According to its own statements, the government plans to subject miners to standard electricity tax rates, abolishing the policy of preferential tax treatment in order to generate additional revenue of NOK 150 million ($ 14,6 million) for this year and another NOK 110 million ($ 10,3 million) in 2023.

We are in a completely different situation in the power market now than when the reduced rate for data centers was introduced in 2016. In many places, the supply of power is now under pressure, which causes prices to rise. At the same time, we are seeing an increase in cryptocurrency mining in Norway. We need this power for the community. Therefore, the government will discontinue the scheme,” explained Minister of Finance Trygve Slagsvold Vedum in the proposal.
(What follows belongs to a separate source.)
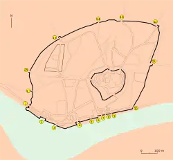 Many of the structures, including walls and towers, are integrated into the buildings of the old town, with the main wall being the Guindais wall and tower, relatively isolated over the margin of the river.[4]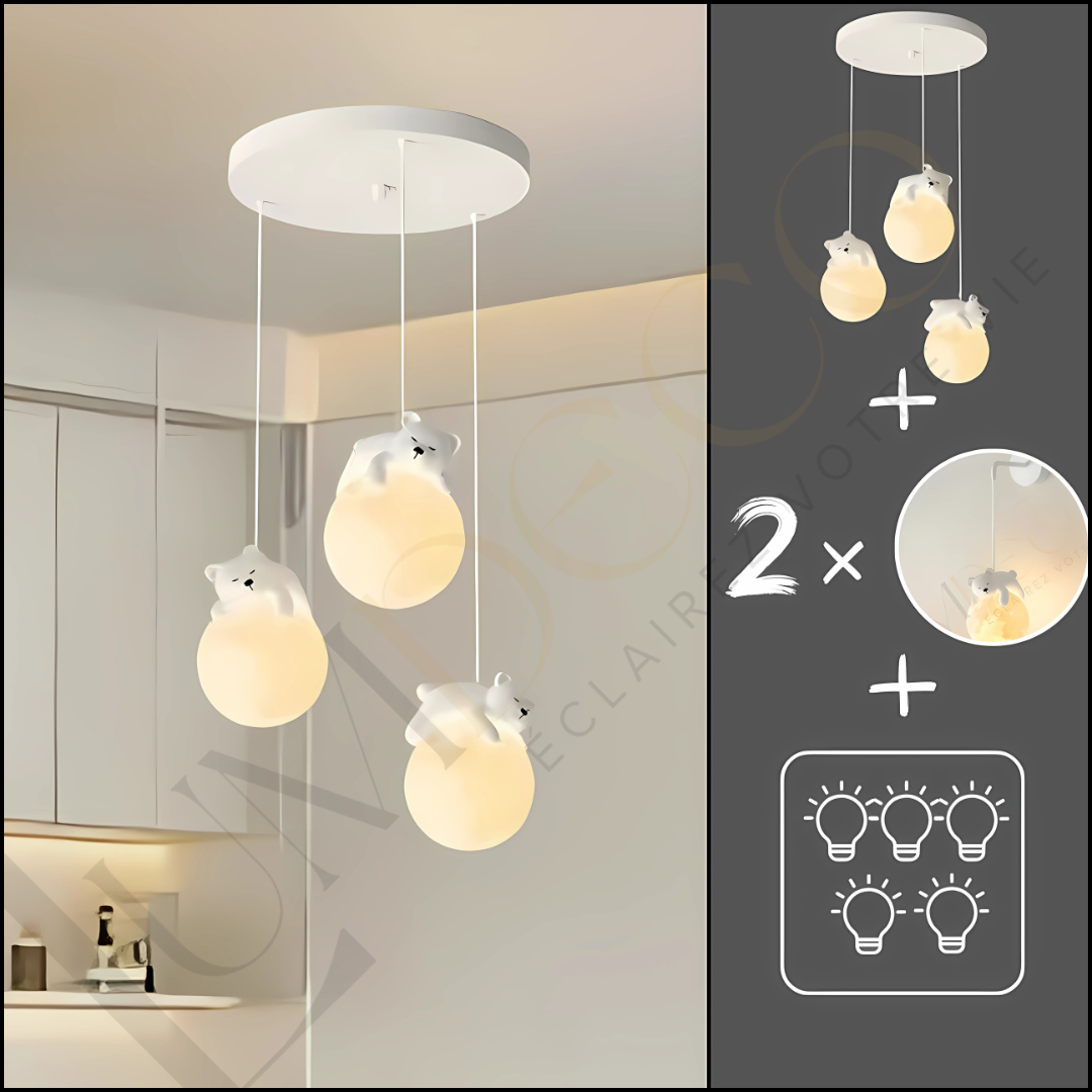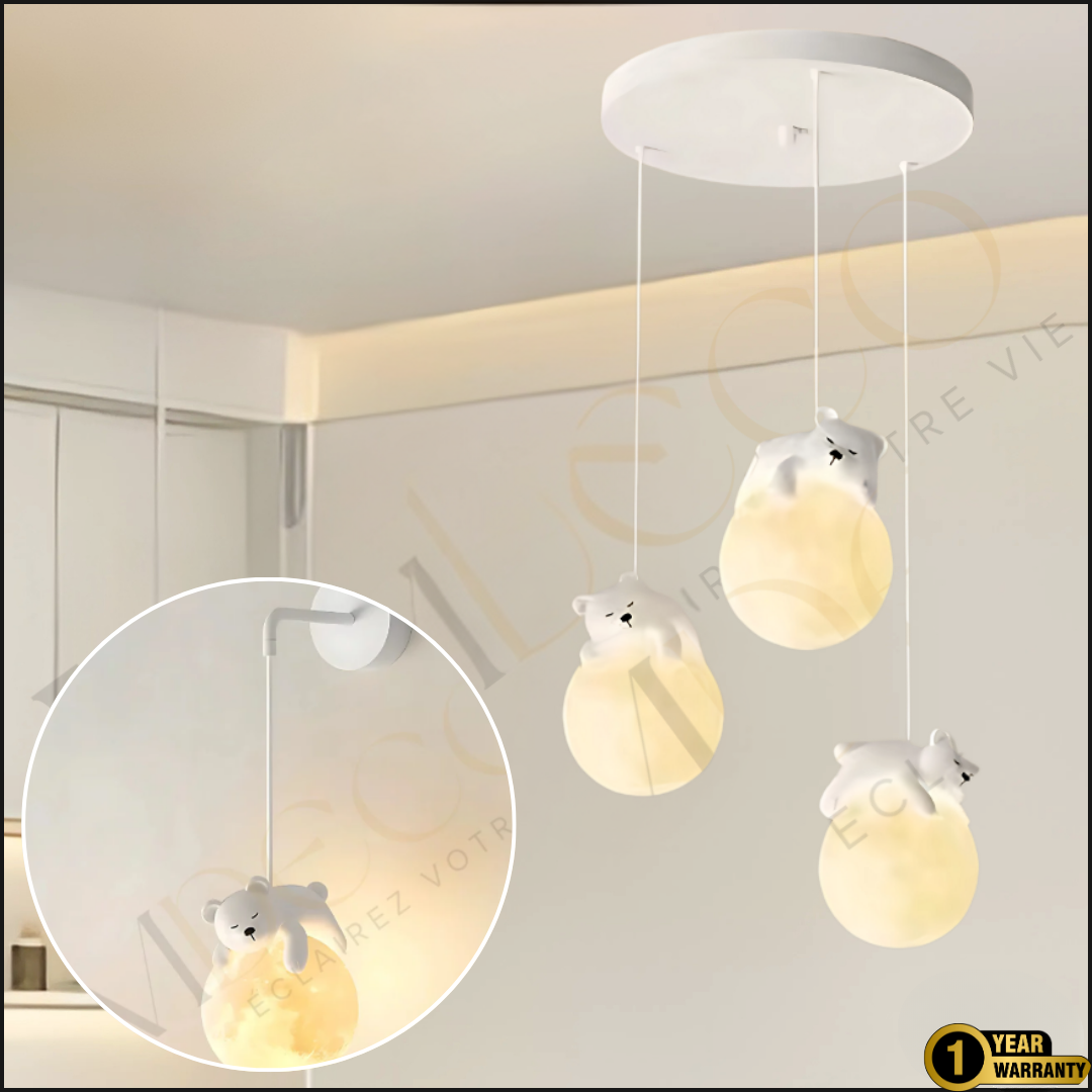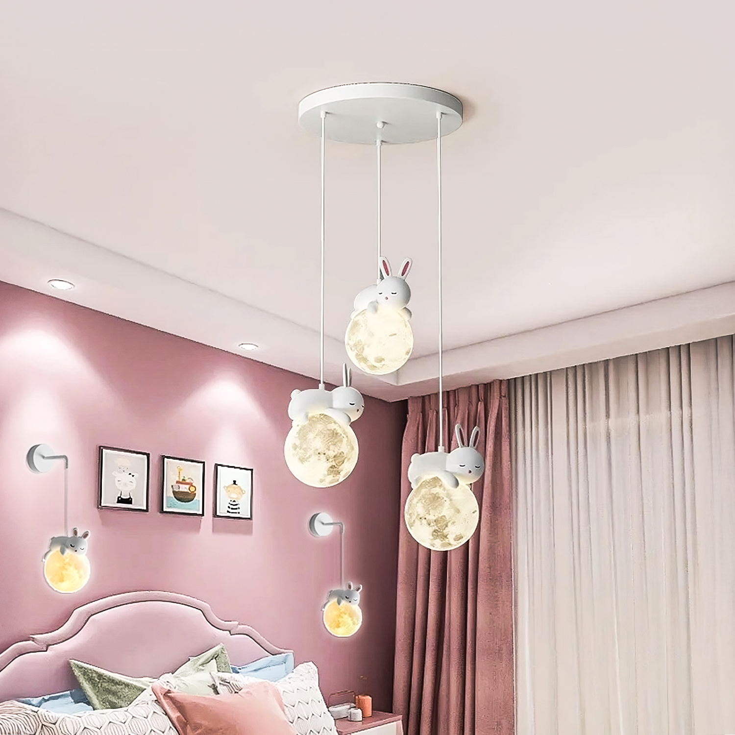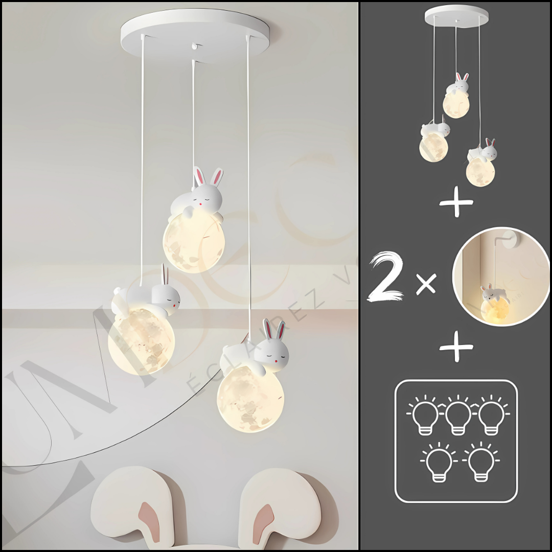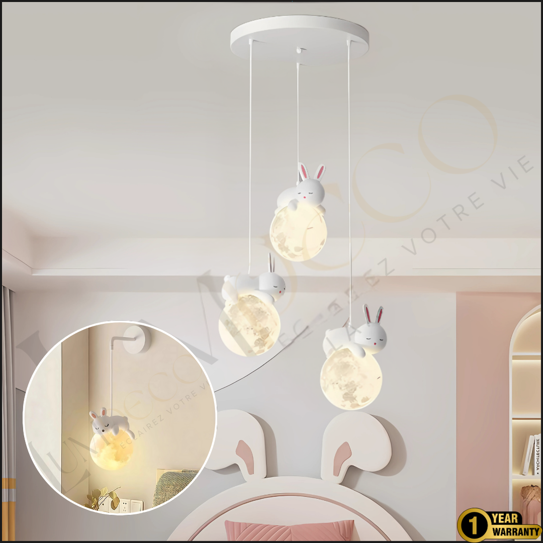 1 Suspension LUNALAPIN avec ses adorables lapins perchés sur des lunes lumineuses.

According to the proposal, power for data centers will thus be subject to electricity tax according to general rates, in the same way as power for other service industries. At the moment, electricity rate for data centers in Norway is reduced at 0.546 øre per kWh (0.0056 krone), while the general tax rate on electricity is 15.41 øre pr Kwh, so the reduced tax is only 3.54% of the normal tax rate.

Previous investigations show that it is not practically possible to distinguish between power used for the extraction of cryptocurrency and other purposes in the data centres. If mining of cryptocurrency is to be subject to electricity tax at the normal rate, therefore, the reduced rate for power to data centers must be phased out in its entirety, the proposal states.